Post-paid mobile services in Kashmir are likely to resume from Saturday, 68 days after they were shut down following the Centre's decision to abrogate Jammu and Kashmir's special status, officials said here Friday.
The officials made it clear that the subscribers will have to wait for some more time for the Internet services to resume.
Post-paid mobile services in Kashmir are likely to resume from Saturday, 68 days after they were shut down following the Centre's decision to abrogate Jammu and Kashmir's special status, officials said here Friday.
They made it clear that the subscribers will have to wait for some more time for the Internet services to resume in the valley.
The officials said a decision has been taken that post-paid mobile services will be resumed in the beginning and the pre-paid services will be resumed later. They have also stressed that proper verification of customer must be undertaken for post-paid mobile services.
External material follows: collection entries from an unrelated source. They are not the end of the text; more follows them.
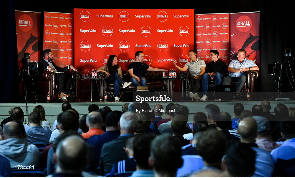 28 August 2019; SuperValu, Ireland’s largest grocery retailer with over 220 stores nationwide, teamed up with Ireland’s leading sports broadcasters, Off The Ball, to bring their award-winning show on the road throughout the summer, to celebrate SuperValu’s 10th year as sponsor of the GAA Football All-Ireland Senior Championship. Joined by a host of special guests, the final stop on the SuperValu Off The Ball roadshow was St Vincent’s GAA Club in Clontarf, which took place on Wednesday 26th August. Pictured at the event are, from left, Nathan Murphy of Off The Ball, former Dublin footballer Denise Masterson, former Mayo footballer Andy Moran, former Dublin footballers Mossy Quinn and Eamon Fennell and former Dublin football manager Paul 'Pillar' Caffrey. Photo by Piaras Ó Mídheach/Sportsfile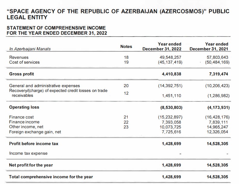 “Azərbaycan Respublikasının Kosmik Agentliyi (Azərkosmos)” publik hüquqi şəxsi 2022-ci ilin yekunlarına dair maliyyə nəticələrini açıqlayıb.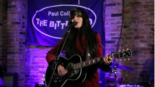 Lily Allen sports a strapless cut-out mini dress to perform...

The valley has nearly 66 lakh mobile subscribers out of which nearly 40 lakh subscribers have post-paid facilities.
The move comes barely two days after the Centre issued an advisory opening the valley for tourists.
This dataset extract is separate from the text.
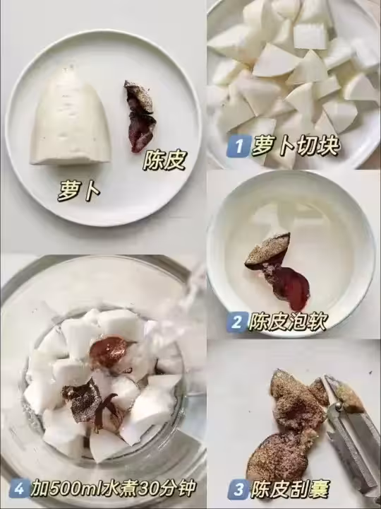 1. 白蘿蔔洗凈,不用去皮,切成細絲或薄片。陳皮用清水稍微沖洗一下。

Travel association bodies had approached the administration, saying that no tourist would like to come to the valley where no mobile phones are working.
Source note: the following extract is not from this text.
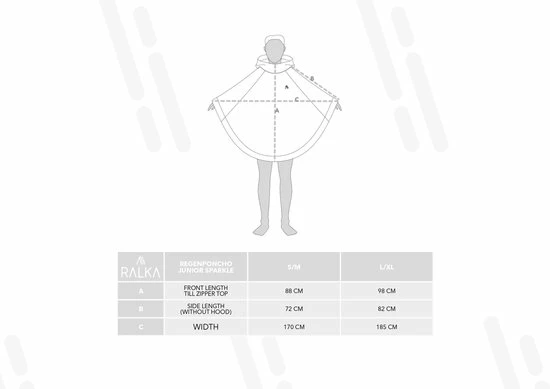 Trendy poncho, dus zie er goed ?n krijg nooit meer een nat pak! Je blijft lekker droog met de Ralka Sizzle Regenponcho. Trotseer gemakkelijk elke regenbui tijdens het fietsen, wandelen met de hond of tijdens allerlei soorten buitenactiviteitenl. Je trekt deze hippe unisex poncho snel en makkelijk aan over je eigen kleding waardoor je in een mum van tijd beschermd bent tegen wind en regen. De extra waterbestendige poncho heeft een grote capuchon en valt ruim, waardoor je vrij kunt bewegen. Dankzij het 4000mm waterdichte PU materiaal en de gelaste naden kun je er zeker van zijn dat deze luxe poncho geen water doorlaat. Door de polyester voering voelt de poncho zacht en comfortabel aan. De regenponcho heeft drukknopen aan de zijkant, om mouwen van te maken. Op deze manier blijft de poncho goed zitten en sluit deze goed aan om de armen. Daarnaast heeft de poncho handige zakken met overslag waar je bijvoorbeeld je sleutels of telefoon waterdicht in kunt bewaren. Tenslotte heeft de poncho een waterbestendige rits en kun je hem ook gebruiken als fietsponcho door de extra anti-opwaailussen aan de binnenkant. Je kunt de cape gemakkelijk opbergen en overal mee naartoe nemen.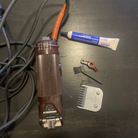 Myydään trimmauskone. Päälle lähtee. Viimeksi käytetty n.8v sitten, sen jälkeen ollut käyttämättömänä, koska ei ole ollut kohdetta enää. Silloin toiminut erittäin hyvin, mukana trimmausterä n:o 7, joka trimmasi pehmeää karvaa hyvin ja oletettavasti tuolla terällä pystyy vielä ajelemaan. Mukana hiilet, jonkin verran vanhoja vielä jäljellä, öljyäkin tuubissa vielä, puhdistusharjoja.. puhdistelen konetta vielä, mutta saattaa sisältää mustaa karvaa jonkin verran🙂 koneella siis ikää jo melko paljon, joten toimintavarmuutta pidemmäksi aikaa ei pysty lupailemaan. Aikoinansa maksoi 200€ kieppeillä.

The mobile services in Jammu and Kashmir were shut down on August 5 after the Centre announced in New Delhi the abrogation of the special status guaranteed to the state under Article 370 of the Constitution.
Partial landline telephony was resumed in the valley on August 17, and by September 4 all landlines, numbering nearly 50,000, were declared operational.
In Jammu, the communication system was restored within days of the blockade and even mobile Internet was started around mid-August. However, after its misuse, the Internet facility on cellular phones was snapped on August 18.